[Start of section]

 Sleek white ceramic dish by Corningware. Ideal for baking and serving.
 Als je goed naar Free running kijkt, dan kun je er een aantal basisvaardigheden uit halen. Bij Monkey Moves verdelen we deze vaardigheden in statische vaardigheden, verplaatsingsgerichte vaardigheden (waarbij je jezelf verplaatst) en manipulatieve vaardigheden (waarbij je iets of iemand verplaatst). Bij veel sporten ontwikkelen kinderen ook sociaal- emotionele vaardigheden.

[End of section]
[Start of section]

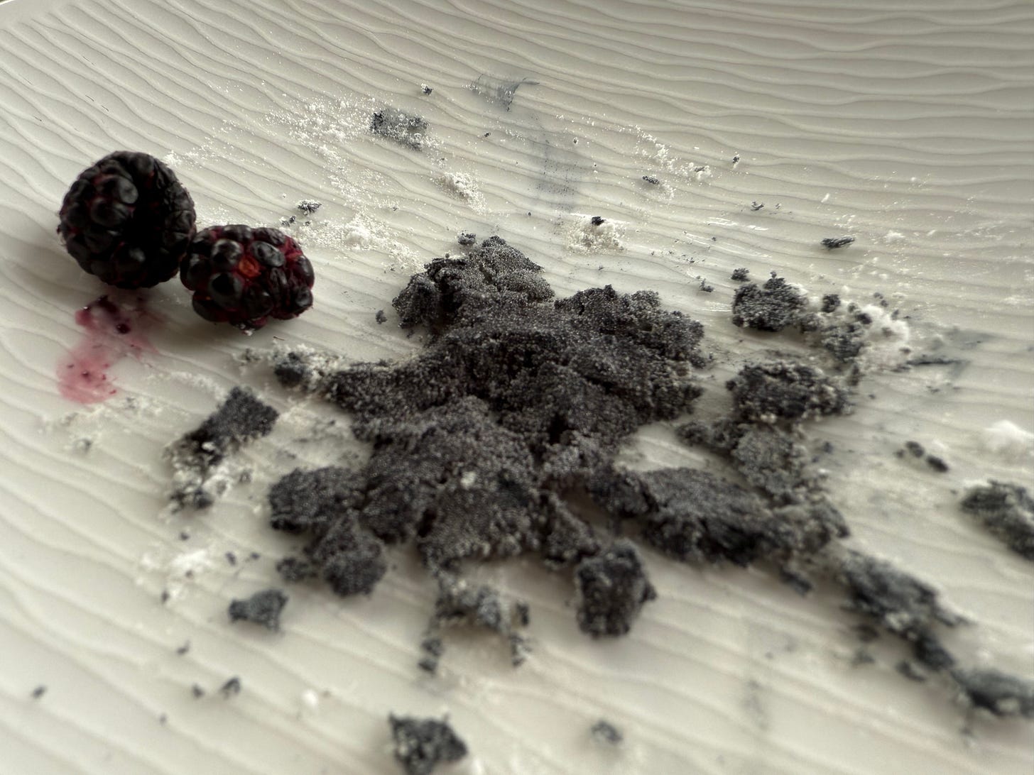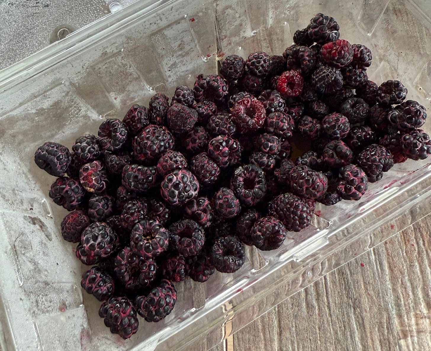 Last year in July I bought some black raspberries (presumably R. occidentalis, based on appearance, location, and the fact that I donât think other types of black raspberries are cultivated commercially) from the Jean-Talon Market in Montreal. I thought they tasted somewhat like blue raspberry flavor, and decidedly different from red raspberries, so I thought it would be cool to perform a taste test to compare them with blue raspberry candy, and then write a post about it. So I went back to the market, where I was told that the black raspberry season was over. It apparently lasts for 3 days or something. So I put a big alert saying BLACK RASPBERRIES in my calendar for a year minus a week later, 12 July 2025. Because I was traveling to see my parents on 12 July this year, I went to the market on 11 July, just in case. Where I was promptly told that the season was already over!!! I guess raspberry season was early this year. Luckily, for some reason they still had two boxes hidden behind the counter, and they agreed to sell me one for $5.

[End of section]

PROBLEM TO SOLVE: The required answer is the run of lines above, starting at the line with "Sleek white ceramic" and ending at the line with "Als je goed", reproduced exactly with both ends.

EXERCISE SOLUTION:
 Sleek white ceramic dish by Corningware. Ideal for baking and serving.
 Als je goed naar Free running kijkt, dan kun je er een aantal basisvaardigheden uit halen. Bij Monkey Moves verdelen we deze vaardigheden in statische vaardigheden, verplaatsingsgerichte vaardigheden (waarbij je jezelf verplaatst) en manipulatieve vaardigheden (waarbij je iets of iemand verplaatst). Bij veel sporten ontwikkelen kinderen ook sociaal- emotionele vaardigheden.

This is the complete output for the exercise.